What is needed:
The records that follow are to be repeated exactly, without any pictures.

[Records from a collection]
>>>>>
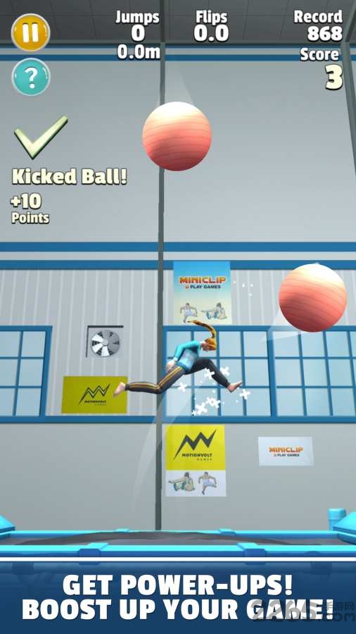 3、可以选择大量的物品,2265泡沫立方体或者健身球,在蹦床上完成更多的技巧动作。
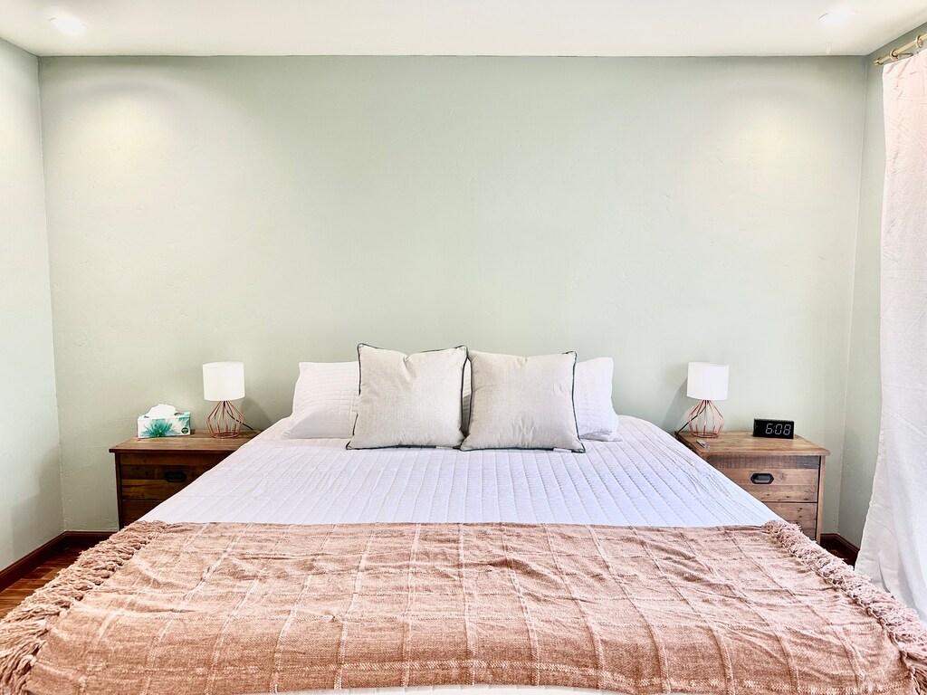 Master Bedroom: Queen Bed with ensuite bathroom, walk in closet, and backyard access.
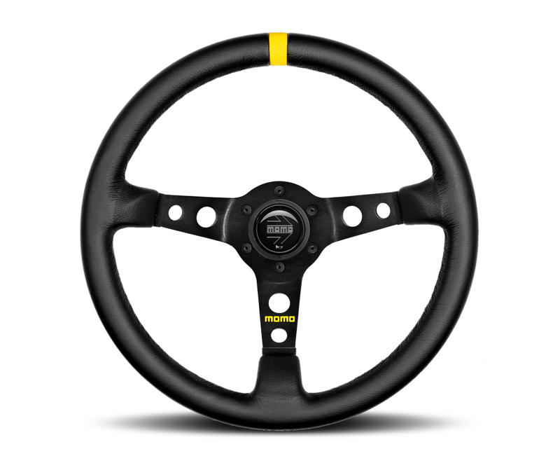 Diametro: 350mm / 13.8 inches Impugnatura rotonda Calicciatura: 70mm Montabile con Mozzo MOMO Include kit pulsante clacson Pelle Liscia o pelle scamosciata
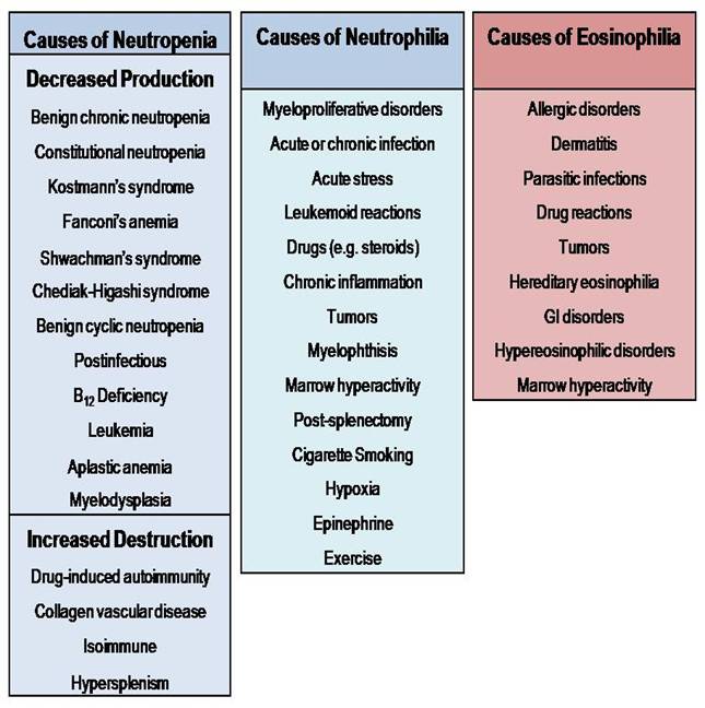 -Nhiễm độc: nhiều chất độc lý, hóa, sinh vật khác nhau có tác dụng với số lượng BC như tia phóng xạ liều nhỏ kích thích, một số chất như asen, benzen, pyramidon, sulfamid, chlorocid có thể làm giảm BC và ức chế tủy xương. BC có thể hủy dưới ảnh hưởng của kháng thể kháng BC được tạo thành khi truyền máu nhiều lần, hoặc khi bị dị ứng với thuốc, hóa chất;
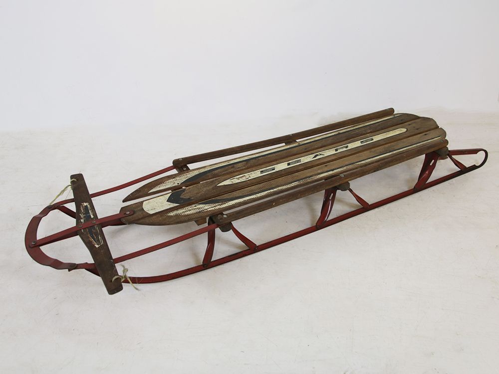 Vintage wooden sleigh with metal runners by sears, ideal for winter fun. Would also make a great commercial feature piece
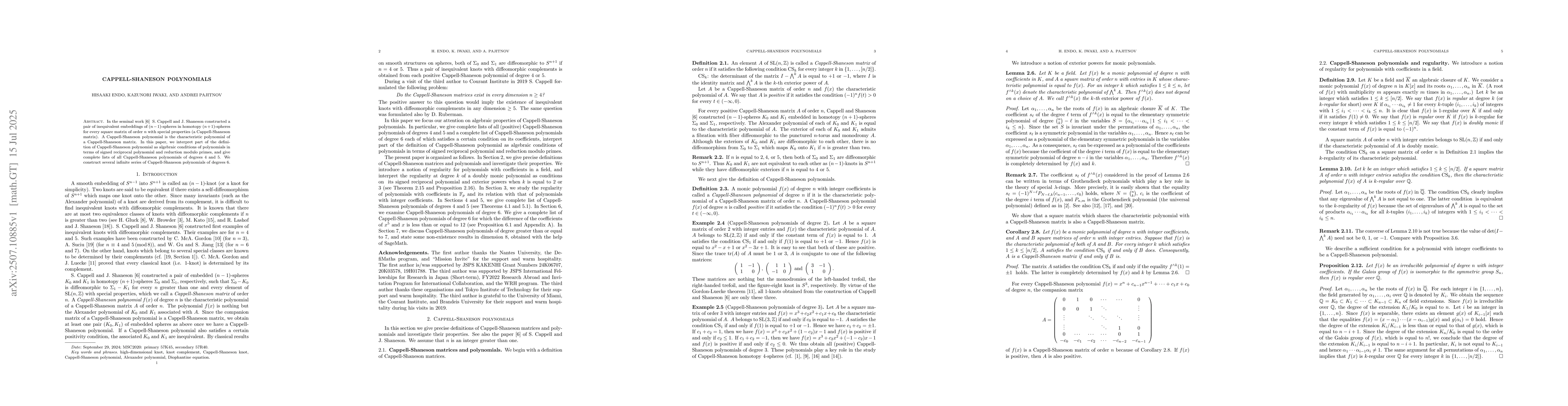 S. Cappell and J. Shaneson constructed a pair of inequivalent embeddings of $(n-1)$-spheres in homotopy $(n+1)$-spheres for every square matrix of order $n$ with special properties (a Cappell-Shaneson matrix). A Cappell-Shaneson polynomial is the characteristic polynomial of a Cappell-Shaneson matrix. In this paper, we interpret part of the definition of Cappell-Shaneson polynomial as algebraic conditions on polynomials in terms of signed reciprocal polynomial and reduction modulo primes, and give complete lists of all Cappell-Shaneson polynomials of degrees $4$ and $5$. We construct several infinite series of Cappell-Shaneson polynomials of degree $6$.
<<<<<
Solution to the exercise:
 3、可以选择大量的物品,2265泡沫立方体或者健身球,在蹦床上完成更多的技巧动作。
 Master Bedroom: Queen Bed with ensuite bathroom, walk in closet, and backyard access.
 Diametro: 350mm / 13.8 inches Impugnatura rotonda Calicciatura: 70mm Montabile con Mozzo MOMO Include kit pulsante clacson Pelle Liscia o pelle scamosciata
 -Nhiễm độc: nhiều chất độc lý, hóa, sinh vật khác nhau có tác dụng với số lượng BC như tia phóng xạ liều nhỏ kích thích, một số chất như asen, benzen, pyramidon, sulfamid, chlorocid có thể làm giảm BC và ức chế tủy xương. BC có thể hủy dưới ảnh hưởng của kháng thể kháng BC được tạo thành khi truyền máu nhiều lần, hoặc khi bị dị ứng với thuốc, hóa chất;
 Vintage wooden sleigh with metal runners by sears, ideal for winter fun. Would also make a great commercial feature piece
 S. Cappell and J. Shaneson constructed a pair of inequivalent embeddings of $(n-1)$-spheres in homotopy $(n+1)$-spheres for every square matrix of order $n$ with special properties (a Cappell-Shaneson matrix). A Cappell-Shaneson polynomial is the characteristic polynomial of a Cappell-Shaneson matrix. In this paper, we interpret part of the definition of Cappell-Shaneson polynomial as algebraic conditions on polynomials in terms of signed reciprocal polynomial and reduction modulo primes, and give complete lists of all Cappell-Shaneson polynomials of degrees $4$ and $5$. We construct several infinite series of Cappell-Shaneson polynomials of degree $6$.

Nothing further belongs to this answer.